Category Archives: Blog
May contain traces of language
A few days ago, esteemed cartoonist Rod McKie wrote a very flattering blog post about my 2006 graphic novel, Sortmund. He seemed to like the art a lot, but what makes the review more interesting to me is, he got the story perfectly right. That may sound like I’m dissing Rod’s literacy, but quite the contrary—you see, the book was only ever published in Danish, a language he does not speak or read.
I find that incredibly fascinating; that a book, which I have always thought of as rather dialogue-driven, narrates so well visually, too. Mind you, I’m not blowing my.own horn here, a lot of water has run under the bridge since I finished Sortmund, and I’ll be the first to point out its flaws.
Once again, it’s mostly to Rod’s credit that he got it. What follows is a rambling meditation on the comics form, which fell out of my head after reading his post:
You often hear the question from non-comics readers, “How do you read these things?” People don’t know if they’re supposed to read text or image first, where I suppose we trained readers take both in at a glance.

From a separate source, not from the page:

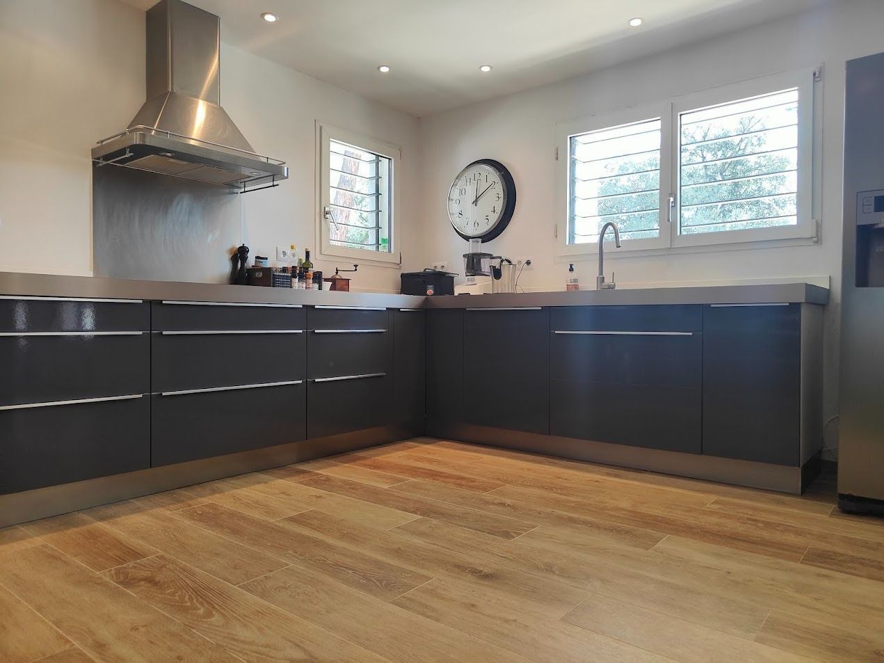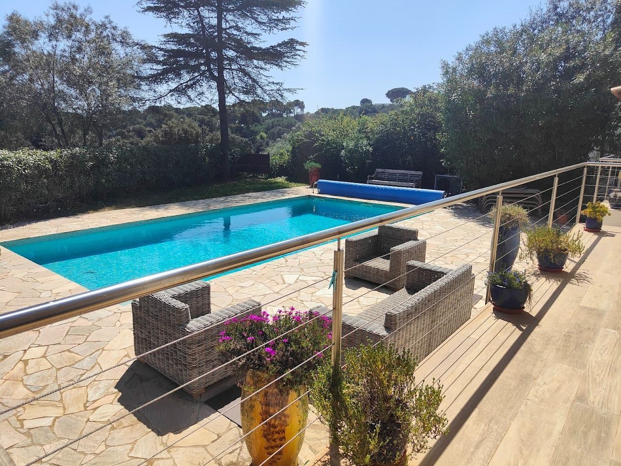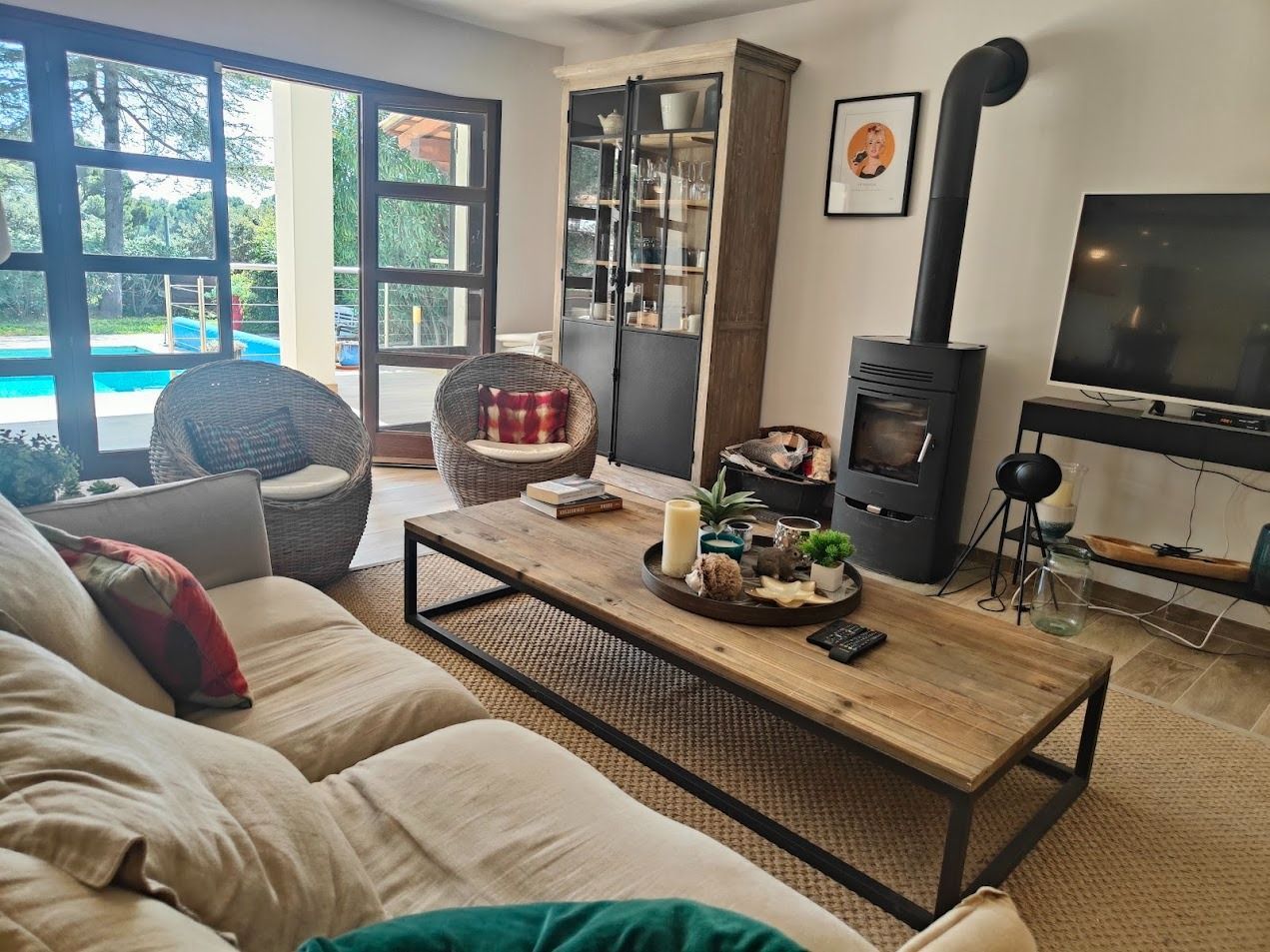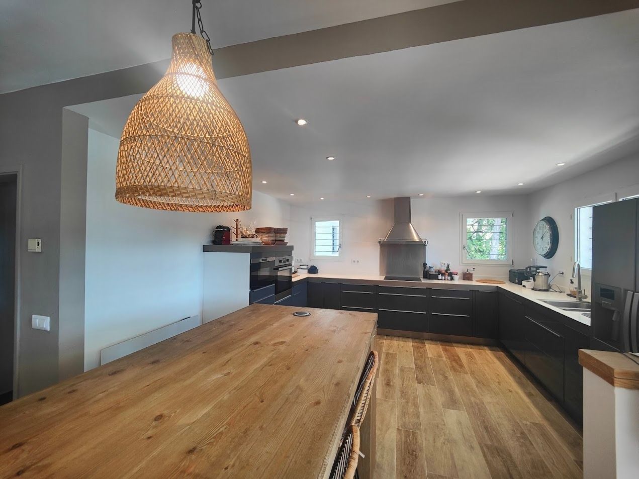 Just 800 metres from the beach and 2 kilometres from the lively centre of Platja d’Aro, this beautiful detached villa is situated in the exclusive residential area of Mas Treumal. Here you can enjoy the perfect balance between peace, privacy and the vibrant life on the Costa Brava. The villa is situated in a dead-end street in a green, quiet area and offers complete privacy. Thanks to its location, you can easily walk to the beach or cycle to the centre. The house has been completely renovated in recent years and has also been expanded with a separate guest room with private bathroom on the ground floor and a newly constructed swimming pool (10 x 5 metres, approx. 2015). This stylish villa has a total built-up area of 257 m² and is situated on a generous plot of 1,451 m². Ground floor: - Representative entrance - Spacious and bright living/dining room with wood stove and direct access to the covered terrace - Luxurious open kitchen, fully equipped with modern built-in appliances - Guest toilet First floor: - Master bedroom with bathroom en suite - Two comfortable double bedrooms - Modern shared bathroom All bedrooms on the upper floor give access to a terrace with a beautiful view of the green surroundings of the urbanization. Adjacent to the house is a separate guest bedroom with private bathroom and private entrance - ideal for guests. You also have a spacious separate storage room. An absolute eye-catcher is the cozy covered barbecue area with bar - the perfect place to spend long summer evenings with family or friends. Special features: - Aluminum frames with double glazing - Aluminum shutters for windows and doors - Built-in wardrobes in the bedrooms - Air conditioning in the bedrooms - Electric radiators - Automatic garden irrigation - Recently renovated infrastructure in the area (including roads and sewer) This villa combines Mediterranean charm with modern living comfort and a fantastic location - an ideal (second) home under the Spanish sun. Taxes, notary fees and registration costs are not included in the sales price.[IW]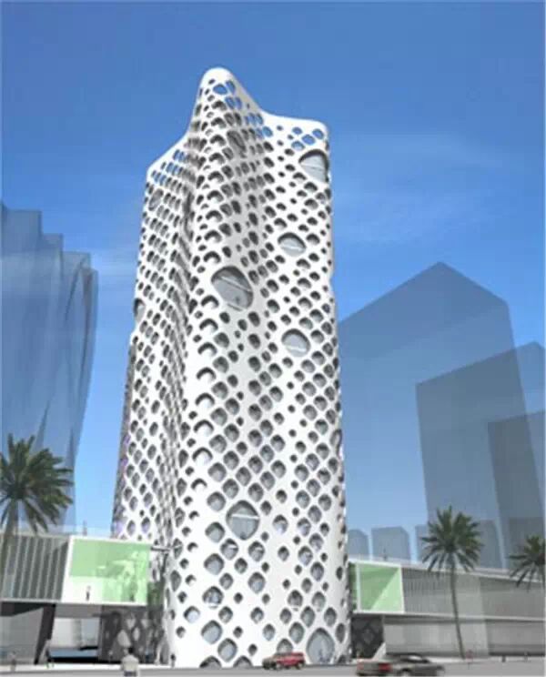 扎哈·哈迪德的“舞蹈大厦”,计划建在迪拜商业湾的开发区。此工程由三座大楼组成,从地面弯曲向上,到高空相互交织,创造出流体动画美。

So yes, Rod is not just a reader, he’s a professional drawer; he knows the language of comics, as his review also shows.
But everybody can read comics, it’s just a matter of the visual grammar used in the individual work that might pose an obstacle. There are different kinds of visual shorthand that make sense to readers accustomed to the genre, form, or even culture in which the comic is created—but may be incomprehensible to beginning comics readers.
Take the banner image at the top of this site, which is my own joke on those clouds of dust that follow people running in gag cartoons and strips (only in my drawing, the cartoon-me isn’t moving, so oh man, I just ruined the joke). It may originate in animated cartoons from the ’40s, where Tom & Jerry, et al would leave a cloud behind when they broke into a sprint.
Or, remember when DragonBall appeared in the West? Didn’t take anybody long to figure out what those instant nosebleeds meant, but I’m sure we all had a short, head-scratching moment before the shoe dropped. That. That’s how untrained readers feel about comics all the time.
Provided of course they only pick up manga, or superhero comics. Those things are like being thrown into Advanced Mechanics class when you just want to learn to drive a car. No, everybody can read comics, across language barriers. It’s mostly the idiomatic trappings that cut off new readers, or the required trivial knowledge of, say, Wolverine’s past as a mercenary in WWII. That was all the cape-bashing for this post, I promise.
Everybody can read comics, and most of us do on a daily basis. If not daily strips in the newspaper, then instructional infographics. They help us not going into the wrong toilet, finding the emergency exit, or using chopsticks in Asian restaurants, etc. Of course, polemics aside, what we think of as comics tend to be a tad more narrative, or even expressive, than the assembly of a Billy bookcase.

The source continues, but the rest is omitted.